The largest issue regards whether infringement occurs when the generative AI is trained or used.[1] Popular deep learning models are generally trained on very large datasets of media scraped from the Internet, much of which is copyrighted. Since the process of assembling training data involves making copies of copyrighted works it may violate the copyright holder's exclusive right to control the reproduction of their work, unless the use is covered by exceptions under a given jurisdiction's copyright statute. Additionally, the use of a model's outputs could be infringing, and the model creator may be accused of "vicarious liability" for said infringement. As of 2023, there are a number of pending US lawsuits challenging the use of copyrighted data to train AI models, with defendants arguing that this falls under fair use.

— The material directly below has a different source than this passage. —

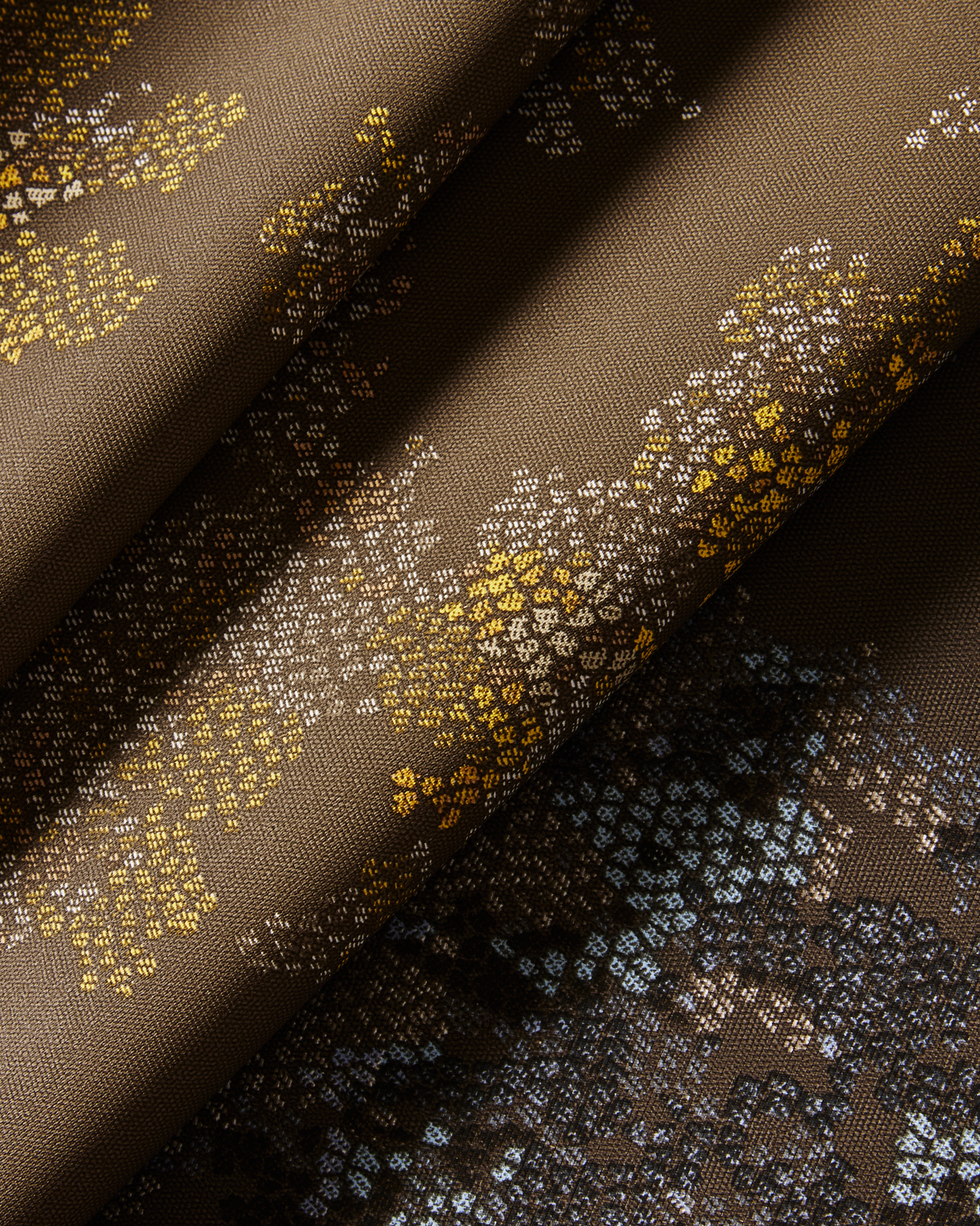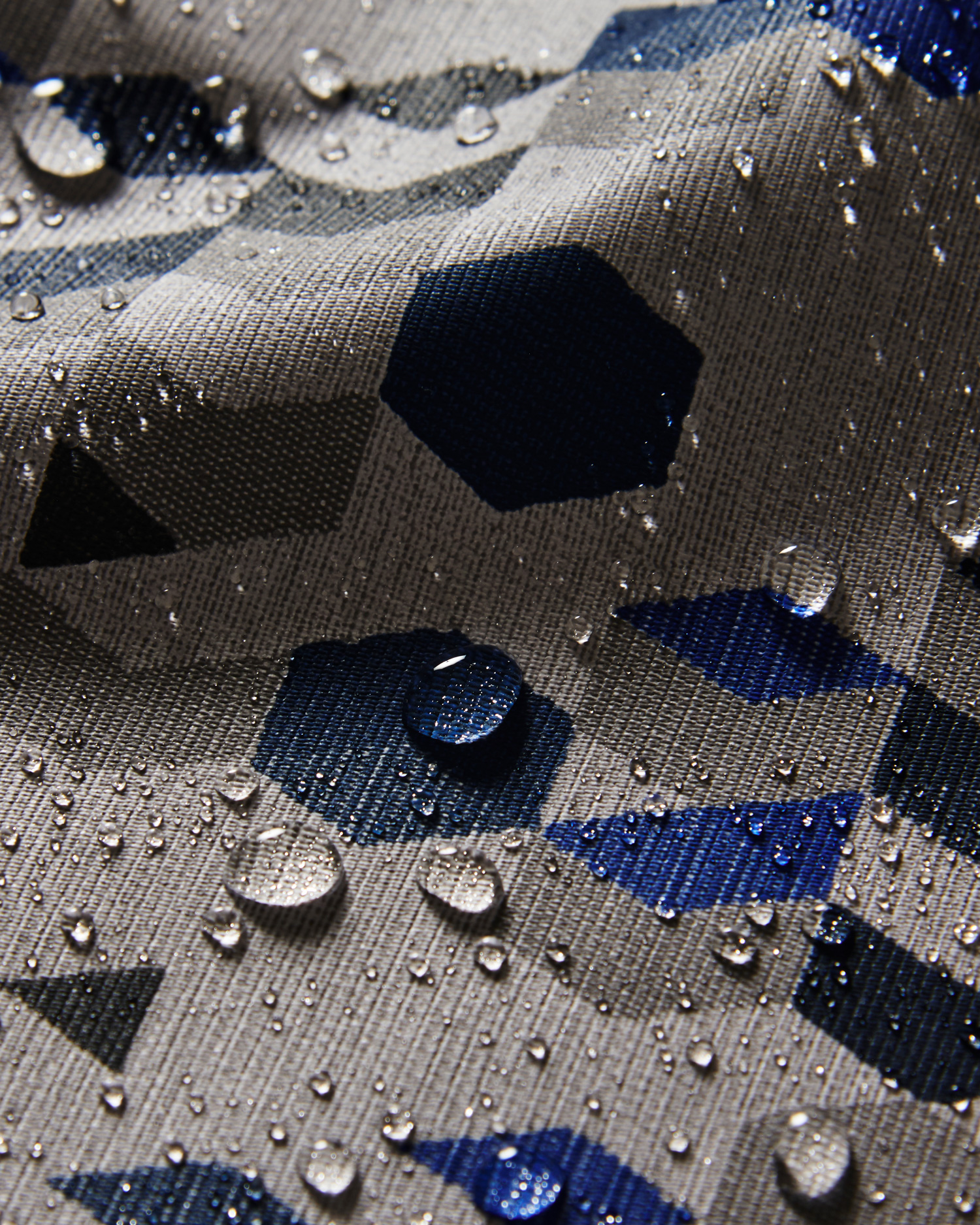 The notorious Digital Bloom 2.0 transforms from woven to an innovative printed coated construction. The pixelated pattern, reminiscent of floral blooms, continues to create a visual language where nature's elegance meets the precision of technology.

Another issue is that, in jurisdictions such as the US, output generated solely by a machine is ineligible for copyright protection, as most jurisdictions protect only "original" works having a human author. However, some have argued that the operator of an AI may qualify for copyright if they exercise sufficient originality in their use of an AI model.

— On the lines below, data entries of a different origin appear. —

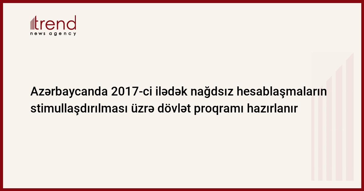 Azərbaycan Mərkəzi Bankı (AMB) 2012-2016-cı illəri əhatə edən nağdsız hesablaşmaların stimullaşdırılması üzrə dövlət proqramı hazırlayıb. Trend-in məlumatına görə, bu barədə cümə axşamı jurnalistlərə Mərkəzi Bank sədrinin birinci müavini Alim Quliyev bildirib.
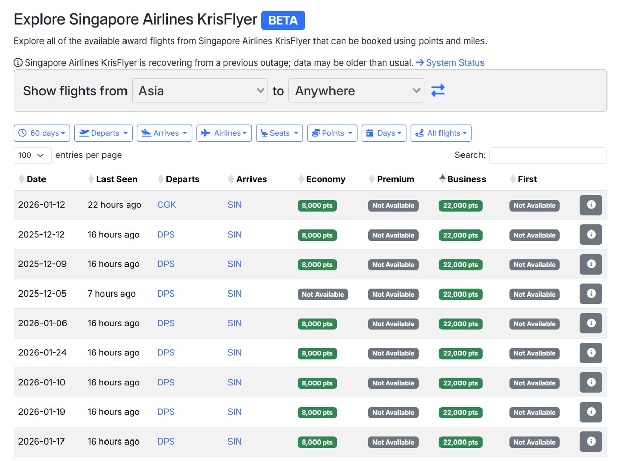 Unfortunately, no sooner had it been added than a back-end tweak broke Seat.Aero’s search ability. But after a long outage, Seats.Aero is now displaying KrisFlyer award space once again!
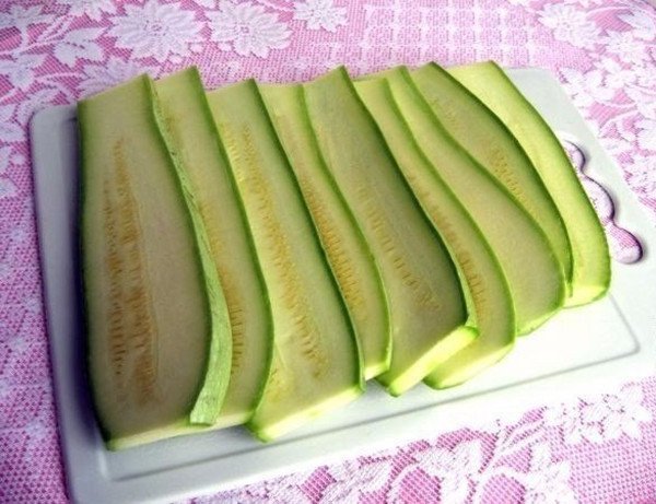 1. Помойте кабачки и разрежьте их вдоль на пластинки толщиной около 5 мм. Посолите и оставьте на 10 минут.
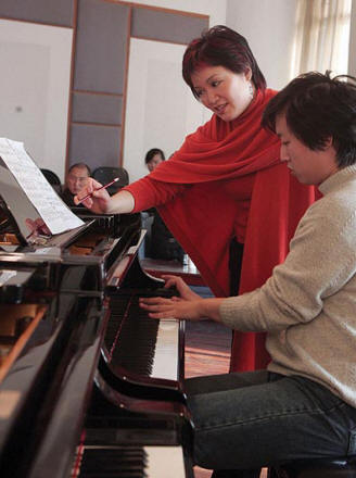 安麟在上海緊張的排練中還抽出時間到上海音樂學院去敎碩士學生上鋼琴課,她對敎課有一種責任和使命感,她除了敎學生們鋼琴技能以外,她還對學生參與比賽做心里上的指導。她説:“我覺得音樂不是田徑項目,比賽只是讓新人有一個機會,但有時是不是公平的, 第一名不一定是最好的,每個評委的口味、標準相差很大,勝者往往是妥協、平衡的結果。”她還對年輕演奏者説:要創造,不要只一味模仿,要注意音樂的本質,而不是僅僅在技巧上下功夫,就像寫詩,有的詩很華麗,語法都正確,卻不是好詩,有些詩語法不都正確,很樸素、很天眞,但非常動人,卻是偉大的作品。

The United States Copyright Office has declared that works not created by a human author, such as this "selfie" portrait taken by a monkey, are not eligible for copyright protection.

Most legal jurisdictions grant copyright only to original works of authorship by human authors.[2] In the US, the Copyright Act protects "original works of authorship".[3] The U.S. Copyright Office has interpreted this as being limited to works "created by a human being",[3] declining to grant copyright to works generated solely by a machine.[1]

Some have suggested that certain AI generations might be copyrightable in the US and similar jurisdictions if it can be shown that the human who ran the AI program exercised sufficient originality in selecting the inputs to the AI or editing the AI's output.[1][3] Proponents of this view suggest that an AI model may be viewed as merely a tool (akin to a pen or a camera) used by its human operator to express their creative vision.[3][2]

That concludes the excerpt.